SOCIAL MEDIA

mourning and dancing






“Because of Christ, life comes from death.

Because of Christ, we will dance again”



I have never really taken the time or had the thought to sit down and write out my journey to being a mama, until now. maybe one day, someone out there will read this and find comfort and know they are not alone. maybe I am just writing this for myself, reliving this pain is hard. it reminds me of the hours, days, weeks that i cried. i cried out in pain, in confusion, in anger, in brokenness, in insufficiency.  this was some of the greatest joy, followed by the deepest pain i had ever felt. as these hot summer days melt into the cool breeze of fall i can’t help but feel sad. our baby would have been one in late october/early november. 

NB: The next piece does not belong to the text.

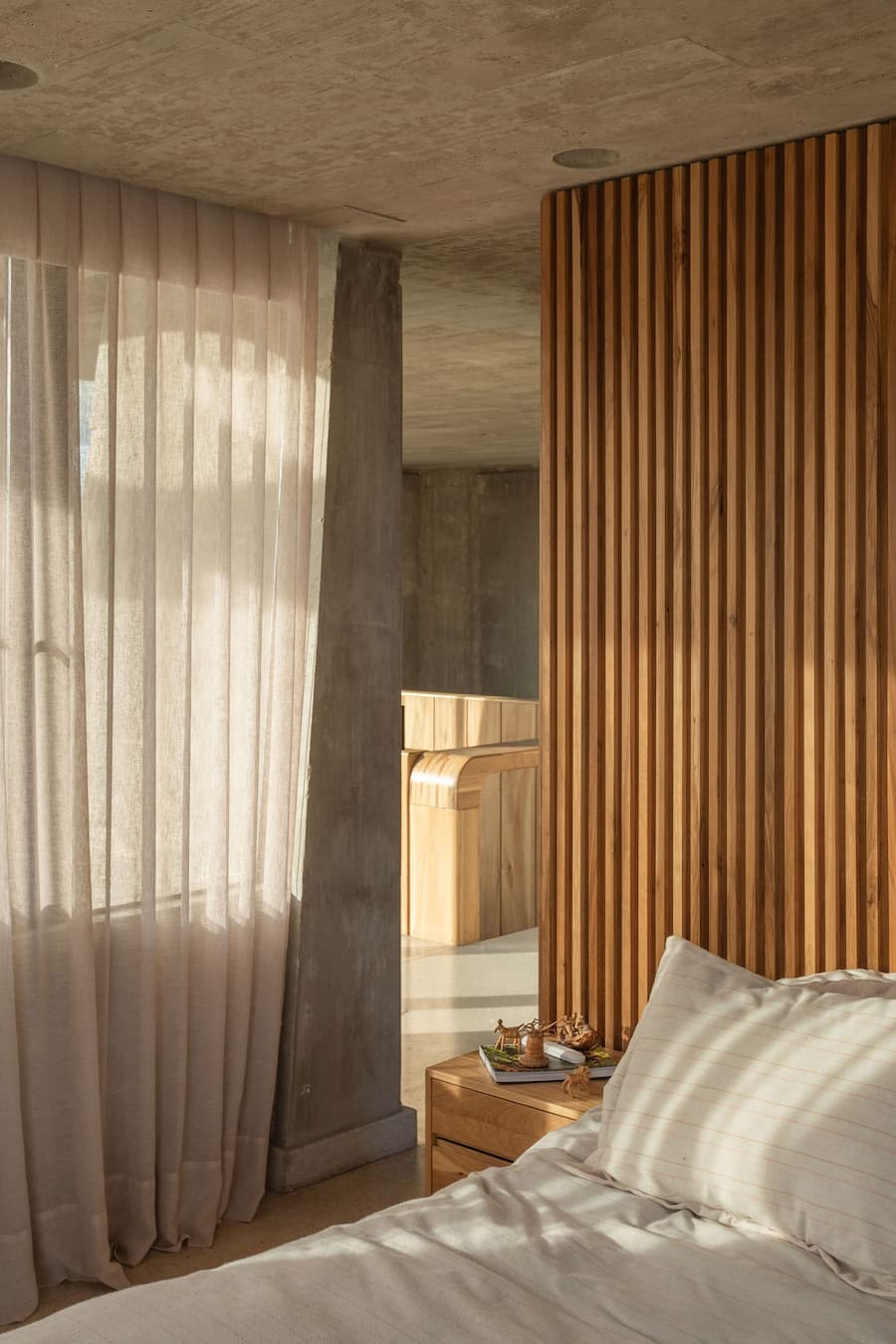 室內,「粗野主義的誠實」概念延續至今,裸露的混凝土表面、雕塑般的現澆體塊與內置家具相得益彰。天然木質覆層帶來溫暖,包覆樓梯和牆面,柔化了材質的色調,同時強化了與大自然的連結。公共區域的水磨石地板營造出連續性,斑駁的表面為室內空間營造出觸感上的寧靜。設計秉承極簡主義的美學理念,透過寬闊的玻璃窗框住沙漠山脈的景緻,向周圍的景觀致敬,讓光影在一天中為室內增添活力。最終呈現的是一個平衡簡樸與私密的家,其冥想特質既體現在它的隱含中,也體現在它的展現中。

hearing the words that the baby was gone was almost an out of body experience. i felt like i was watching a movie, or reading the words of another mama to be who was walking this road. my mama never had a miscarriage or lost a baby so i always thought that i would never have to endure that burden either. the emotions of loss have never been more real to me than in that doctors office. we had begun planning and i had began dreaming. dreaming of those little baby kicks, of the nursery and most of all what our little baby would be like. 

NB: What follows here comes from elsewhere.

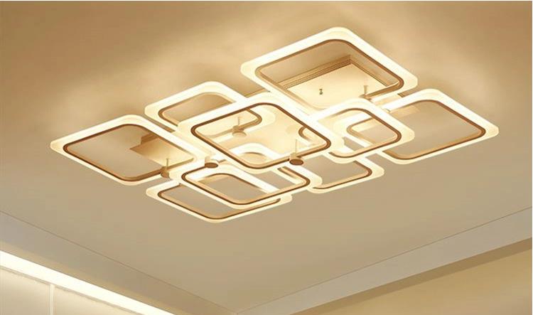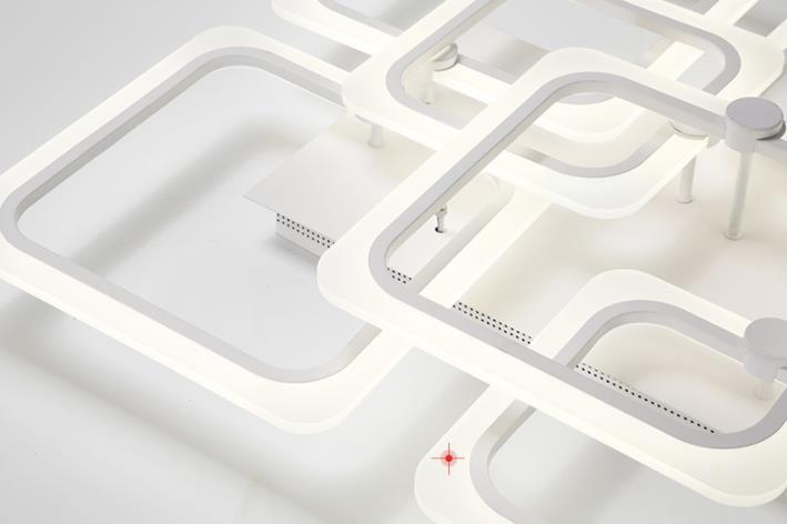 Nowoczesny plafon led składający się z 9 kwadratowych ramion uzyskując wymiary 110x70cm. Ten nowoczesny plafon led zawiera pilota zdalnego sterownia którym można regulować barwę światła w zakresie od zimnej do ciepłej, a także ma możliwość przyciemnienia i rozjaśnienia. Ramiona tego plafonu led wykonane są z metalu oraz akrylu przez który wydobywa się światło.

the days following the news were dark days, i remained a little hopeful that i could still carry a little baby. but as the months passed and the negative tests were pilling up that hope was fading. the self doubt and the feeling that i was an inadequate wife, and woman became strong. we tried medicine and other things short of IVF until i felt so empty that i had to walk away despite the feeling that a part of me was dying. the doctors visits and the medicine and the schedules became so consuming that i feel like i lost that part of my life and i didn’t get to enjoy those days with my husband and family. 

i still have no baby in my belly... those words are hard to write and hard to come to terms with somedays, but it is the reality of today. what has gotten me through each negative that appears on that little stick is that God has a plan. he knows what tomorrow holds, he knows the right moment to place a baby in my womb. that doesn’t mean that i still don't cry a little each time the result appears that i am not pregnant, but i have to remember i serve a larger purpose. 

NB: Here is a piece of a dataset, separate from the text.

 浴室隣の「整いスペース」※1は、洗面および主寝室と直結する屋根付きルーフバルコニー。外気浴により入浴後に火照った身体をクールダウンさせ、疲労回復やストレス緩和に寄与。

it seems like everyday, someone that i know is either giving birth or announcing that they are expecting. and i am genuinely happy for each of them, but my mama heart does break a little each time. i have learned that i ok to be sad, it is ok to mourn. but its not ok to spend each day completely consumed by the past. it is not ok to question my self worth, because my self worth isn't found in two pink lines, or in the title of mama. instead it is found in God. in being His child, serving His purpose and following His direction. 

Lord willing, I will dance again with joy over a positive pregnancy test. Lord willing, I will one day be a mama. but until then I will live each day in His footsteps. bettering myself and my soul. preparing for what lies ahead. and above all remembering that He will not give us more than we can handle. He knows how strong we are. He may push us out of our comfort zone, but He will always make a way. a way in the darkness when we think all hope is lost. as Ecclesiastes 3 says, there is a time to be born and a time to die. - the Lord knows the exact perfect timing to bring a baby into your life. 

If you are a hoping to be mama out there, breathe. give yourself a rest and know that He is in control. if you had already gotten pregnant and had a baby, then you wouldn’t have your future baby. you wouldn’t have that bundle of joy. that unique person. how amazing is that to think about. God has your baby already in his hands, and he doesn’t want you to have anything less than the best. 

“I assure you: You will weep and wail, but the world will rejoice.
You will become sorrowful, but your sorrow will turn to joy.” //John 16:20

rest in the Lord and he will give you strength.